» **REQUIRED ACTION**: Could you restate the whole listing below word for word, minus the pictures?

» **DATA PROVIDED**:

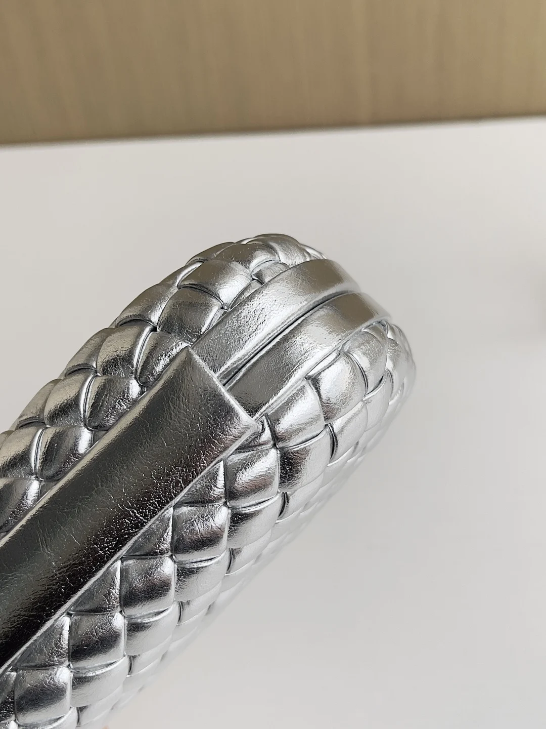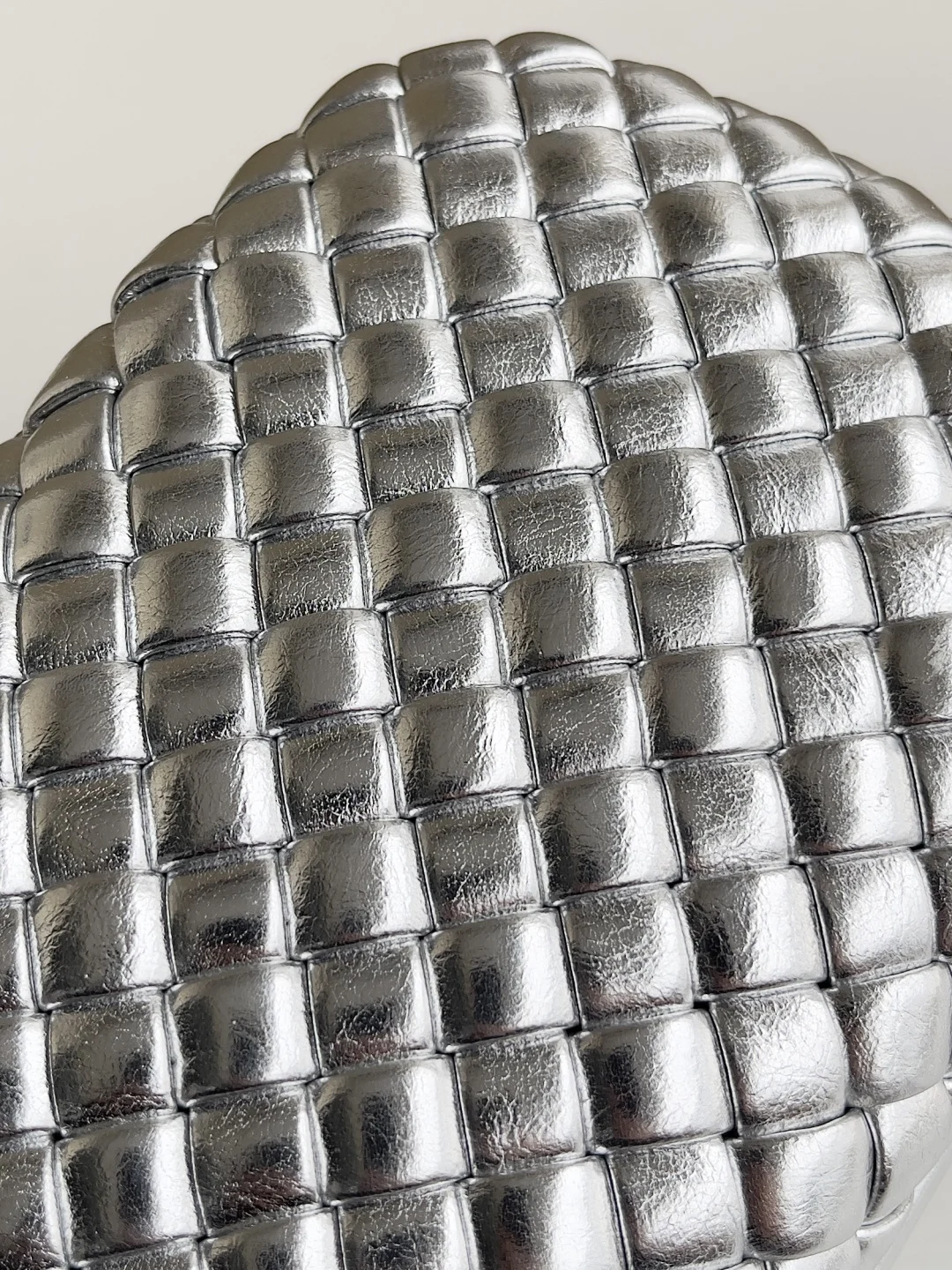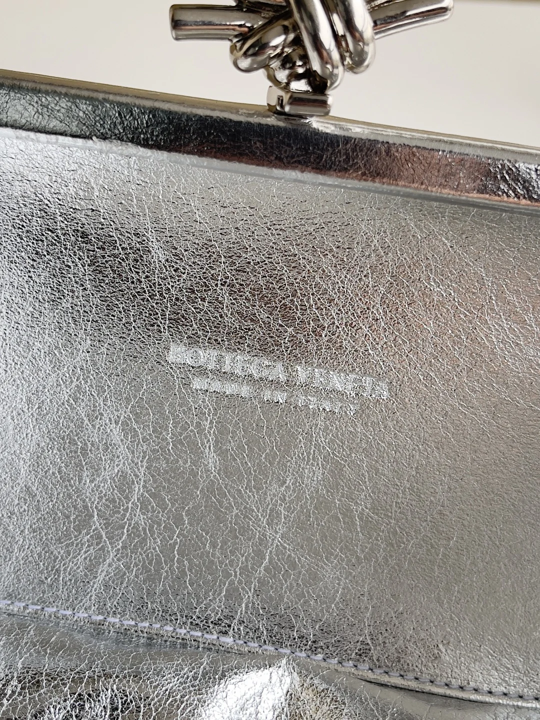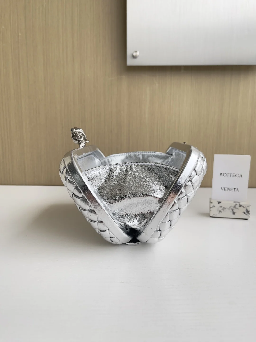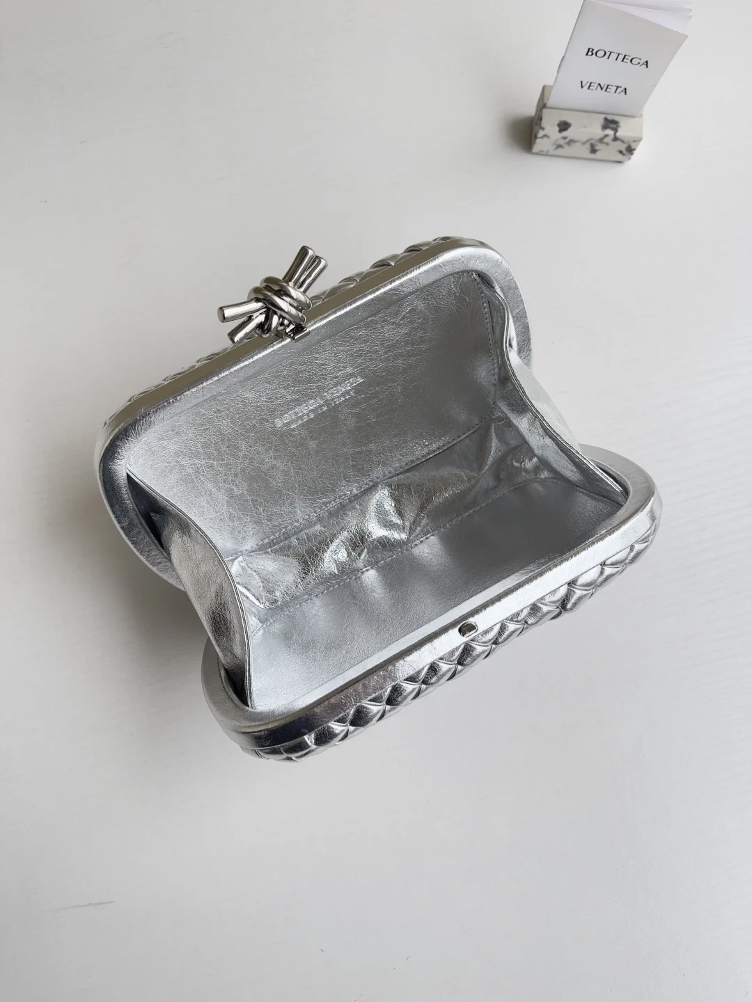 Minaudière clutch in padded Intrecciato wood-embossed laminated leather with signature knot closure.
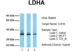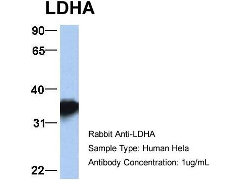 - This is a rabbit polyclonal antibody against LDHA. It was validated on Western Blot using a cell lysate as a positive control.
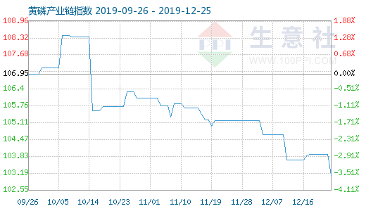 12月24日黄磷产业链指数为103.09,较昨日下降了0.82点,较周期内最高点124.27点(2019-07-24)下降了17.04%,较2018年10月07日最低点79.69点上涨了29.36%。(注:周期指2011-12-01至今)
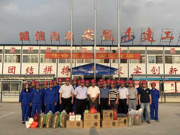 牛曙東一行一到工地就深入施工現(xiàn)場(chǎng)察看項(xiàng)目安全防護(hù)設(shè)施、文明施工、工程進(jìn)展情況,還仔細(xì)詢問(wèn)員工的工作、生活和項(xiàng)目黨建工作等。為奮戰(zhàn)在高溫中的一線職工送去了礦泉水、綠豆、毛巾等防暑藥品等慰問(wèn)品,關(guān)切職工工作和身體狀況,深入到職工宿舍、食堂實(shí)地查看職工居住和生活條件。詳細(xì)了解高溫期間工作安排情況,并向堅(jiān)守在高溫一線的職工表示親切慰問(wèn)和感謝。牛曙東指出,連續(xù)高溫天氣,一線職工始終堅(jiān)守在崗位,落實(shí)高溫天氣作業(yè)安全防范措施,做好當(dāng)前防暑降溫工作,防止職工中暑,確保人身安全。

» **RESPONSE BELOW**:
 Minaudière clutch in padded Intrecciato wood-embossed laminated leather with signature knot closure.
 - This is a rabbit polyclonal antibody against LDHA. It was validated on Western Blot using a cell lysate as a positive control.
 12月24日黄磷产业链指数为103.09,较昨日下降了0.82点,较周期内最高点124.27点(2019-07-24)下降了17.04%,较2018年10月07日最低点79.69点上涨了29.36%。(注:周期指2011-12-01至今)
 牛曙東一行一到工地就深入施工現(xiàn)場(chǎng)察看項(xiàng)目安全防護(hù)設(shè)施、文明施工、工程進(jìn)展情況,還仔細(xì)詢問(wèn)員工的工作、生活和項(xiàng)目黨建工作等。為奮戰(zhàn)在高溫中的一線職工送去了礦泉水、綠豆、毛巾等防暑藥品等慰問(wèn)品,關(guān)切職工工作和身體狀況,深入到職工宿舍、食堂實(shí)地查看職工居住和生活條件。詳細(xì)了解高溫期間工作安排情況,并向堅(jiān)守在高溫一線的職工表示親切慰問(wèn)和感謝。牛曙東指出,連續(xù)高溫天氣,一線職工始終堅(jiān)守在崗位,落實(shí)高溫天氣作業(yè)安全防范措施,做好當(dāng)前防暑降溫工作,防止職工中暑,確保人身安全。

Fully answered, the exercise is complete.